The toxicity needs to be evaluated for each chemical, which is impractical for hydrocarbons, because most are mixtures that contain hundreds of chemicals. The same is true, but to a lesser extent for fate and transport. So, it is practical to "bundle" certain groups of chemicals together, "gasoline range organics" GRO for example. And make some sort of rational decision about it. For example, (I'm making these number up) "if the GRO in the soil is less than 100 mg/kg, it is unlikely to be a significant risk to wells more than 500 feet away." If you wanted to be scientific, you would need to analyze that GRO for its constituent chemicals, probably about 30, and do a risk analysis for each. But why bother, unless you are working for a wealthy client or her lawyer who want to prove that it is harmful, or wants to confuse a jury.

Q. Your professional opinion: As you have probably noticed, I have a problem with computer models. Yet, I have done some biological and chemical work and have used statistical analysis methods and I am able to accept what I get from statistics, with some caution. Do you think that there is a large difference between computer models and statistical analysis?
OK, see articles above regarding sensitivity and error terminology.

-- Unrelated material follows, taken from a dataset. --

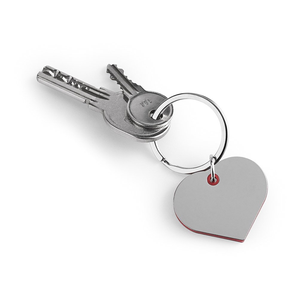 Chaveiro em formato de coração em metal e ABS. Fornecido em bolsa presente de papel kraft reciclado. 42 x 34 x 4 mm

Q. Under "Special Chemical", was there any reason why in particular you chose the chemicals you did to discuss? I began thinking about that, and there are many others that you could have mentioned or discussed…so I guess I am asking what was the madness behind it? Was it just because we encounter these chemicals more often? I suppose these are the killers, so to speak.

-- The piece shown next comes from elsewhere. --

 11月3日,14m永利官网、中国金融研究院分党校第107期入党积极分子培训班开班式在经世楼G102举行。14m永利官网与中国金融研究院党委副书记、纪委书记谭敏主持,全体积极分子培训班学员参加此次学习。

A. "...and all the children are above average." We are all special and so are our chemicals. These particular chemicals are mentioned because they are very common chemicals in hazardous waste sites (but not fresh spills) and their risks are computed using a slightly different algorithm then most chemicals.

Does statistics fully consider the uncertainty parameters? Or is it a mere jugglery of numeric data.
I think if it fully depends on the data collected then our results fully depend on how the data is collected (I mean without any errors).
I suspect any small error in data collection may lead to big mistakes in statistical drawings. Thus statistics should also consider that.
OK, see articles above regarding sensitivity and error terminology.